* [ABOUT THIS EXERCISE]: So that the copy stays text only, transcribe the data below exactly and exclude the images.

* [TASK DATA]:

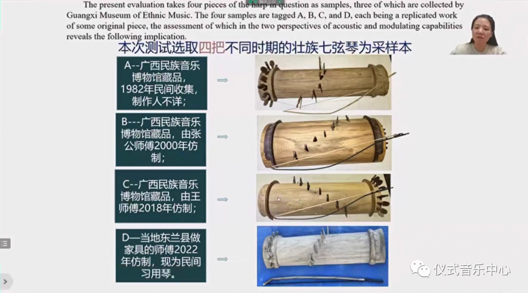 第三位发言者广西艺术学院楚卓教授讨论了壮族七弦琴音乐性能与生态评测,壮族七弦琴是擦奏类弦鸣乐器,源于中国最早的弓弦乐器轧筝,流行于中国广西东兰、凤山、巴马等县,壮语称“趁垠”(Chen yin),意为七弦。楚卓教授经过测试选取四把不同时期的壮族七弦琴为采样本,分别进行了音高、音准、音域、音量、音长的指向性检测、音色以及结构与材料特性的比较。
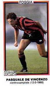 Pasquale De Vincenzo ha giocato quattro stagioni a Foggia dal 1992 al 1996, di cui tre in Serie A. Estate 1992. In città si respira aria di contestazione, dopo la cessione dei pezzi da novanta come Signori, Baiano e Shalimov protagonisti della storica annata 1991/92. Al loro posto, giovani di belle speranze e calciatori provenienti dalle serie minori. Tra questi, Pasquale De Vincenzo reduce da un campionato di Serie C con la Reggina. Ecco che si materializza il capolavoro del Foggia di Zeman-Casillo e Pavone, la stagione 1992/93. De Vincenzo ci mette poco ad entrare nel clima “Serie A”: tecnica squisita, intelligenza calcistica, passo elegante e mente fredda. Non conta la categoria quando si possiedono queste caratteristiche. Resta a Foggia anche in Serie B (1995/96), per un totale di 116 presenze, indossando anche la fascia da capitano e vestendo la maglia numero 10.
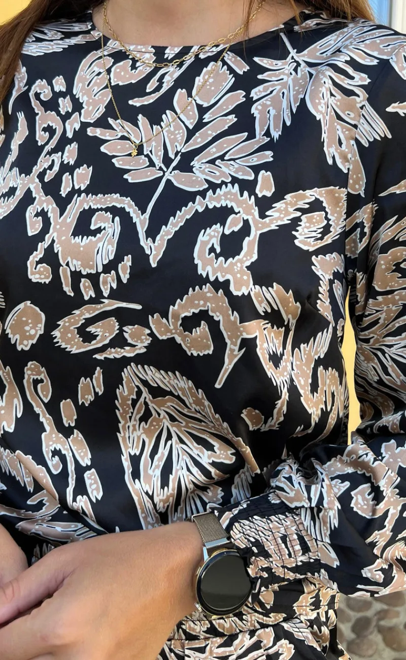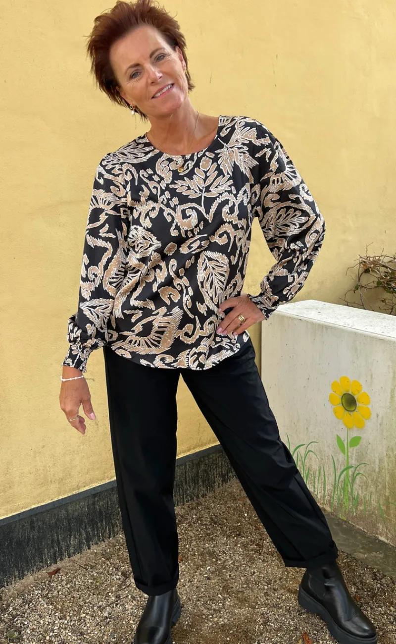 Super smuk bluse fra INA Copenhagen i sort med print af brune blade.
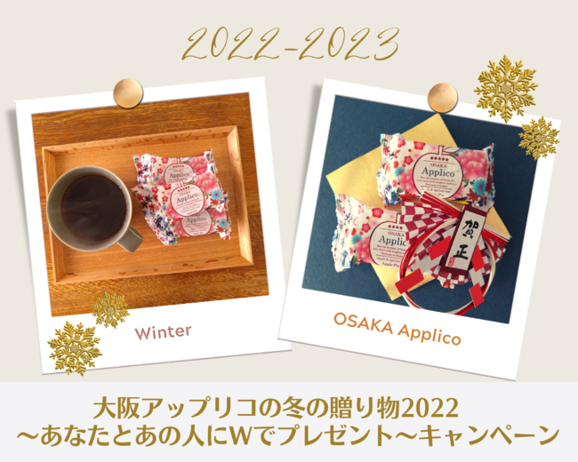 大阪から発信するアップルパイ『OSAKA Applico(大阪アップリコ)』を製造販売する株式会社太陽スイーツフィールド・太陽食品株式会社は、『大阪アップリコの冬の贈り物2022 ~あなたとあの人にWでプレゼント~』と題して、Instagram及びTwitter上で大切な人へ贈り物をしたい想いを発信頂く冬のキャンペーンを合同で実施いたします。当選者の方には「Amazonギフトカード1万円分+贈る事が出来るOSAKA Applico(大阪アップリコ)10個入りと5個入り」の2種類がダブルで5名様など、総勢55名様にプレゼントが当たります。
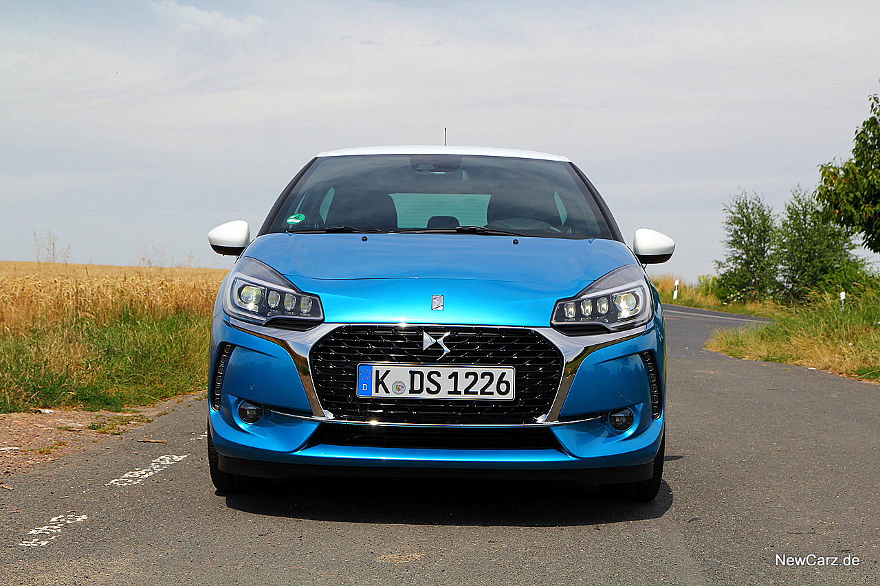 Mit einer markanten Front, unter anderem bestehend aus dem sechseckigen Frontgrill, von dem die verchromten ‚DS Wings‘ bis unter die Scheinwerfer reichen, zeigt der DS 3 markentreues Design. Die sehr modern erscheinende, einzigartige Lichtsignatur der LED-Hauptscheinwerfer und der senkrecht angebrachten Tagfahrlicht-LED-Leisten, zeugen zudem von einem hohen Wiedererkennungswert und versprühen ganz nebenbei nicht wenig Selbstbewusstsein.

* [WRITTEN RESPONSE]:
 第三位发言者广西艺术学院楚卓教授讨论了壮族七弦琴音乐性能与生态评测,壮族七弦琴是擦奏类弦鸣乐器,源于中国最早的弓弦乐器轧筝,流行于中国广西东兰、凤山、巴马等县,壮语称“趁垠”(Chen yin),意为七弦。楚卓教授经过测试选取四把不同时期的壮族七弦琴为采样本,分别进行了音高、音准、音域、音量、音长的指向性检测、音色以及结构与材料特性的比较。
 Pasquale De Vincenzo ha giocato quattro stagioni a Foggia dal 1992 al 1996, di cui tre in Serie A. Estate 1992. In città si respira aria di contestazione, dopo la cessione dei pezzi da novanta come Signori, Baiano e Shalimov protagonisti della storica annata 1991/92. Al loro posto, giovani di belle speranze e calciatori provenienti dalle serie minori. Tra questi, Pasquale De Vincenzo reduce da un campionato di Serie C con la Reggina. Ecco che si materializza il capolavoro del Foggia di Zeman-Casillo e Pavone, la stagione 1992/93. De Vincenzo ci mette poco ad entrare nel clima “Serie A”: tecnica squisita, intelligenza calcistica, passo elegante e mente fredda. Non conta la categoria quando si possiedono queste caratteristiche. Resta a Foggia anche in Serie B (1995/96), per un totale di 116 presenze, indossando anche la fascia da capitano e vestendo la maglia numero 10.
 Super smuk bluse fra INA Copenhagen i sort med print af brune blade.
 大阪から発信するアップルパイ『OSAKA Applico(大阪アップリコ)』を製造販売する株式会社太陽スイーツフィールド・太陽食品株式会社は、『大阪アップリコの冬の贈り物2022 ~あなたとあの人にWでプレゼント~』と題して、Instagram及びTwitter上で大切な人へ贈り物をしたい想いを発信頂く冬のキャンペーンを合同で実施いたします。当選者の方には「Amazonギフトカード1万円分+贈る事が出来るOSAKA Applico(大阪アップリコ)10個入りと5個入り」の2種類がダブルで5名様など、総勢55名様にプレゼントが当たります。
 Mit einer markanten Front, unter anderem bestehend aus dem sechseckigen Frontgrill, von dem die verchromten ‚DS Wings‘ bis unter die Scheinwerfer reichen, zeigt der DS 3 markentreues Design. Die sehr modern erscheinende, einzigartige Lichtsignatur der LED-Hauptscheinwerfer und der senkrecht angebrachten Tagfahrlicht-LED-Leisten, zeugen zudem von einem hohen Wiedererkennungswert und versprühen ganz nebenbei nicht wenig Selbstbewusstsein.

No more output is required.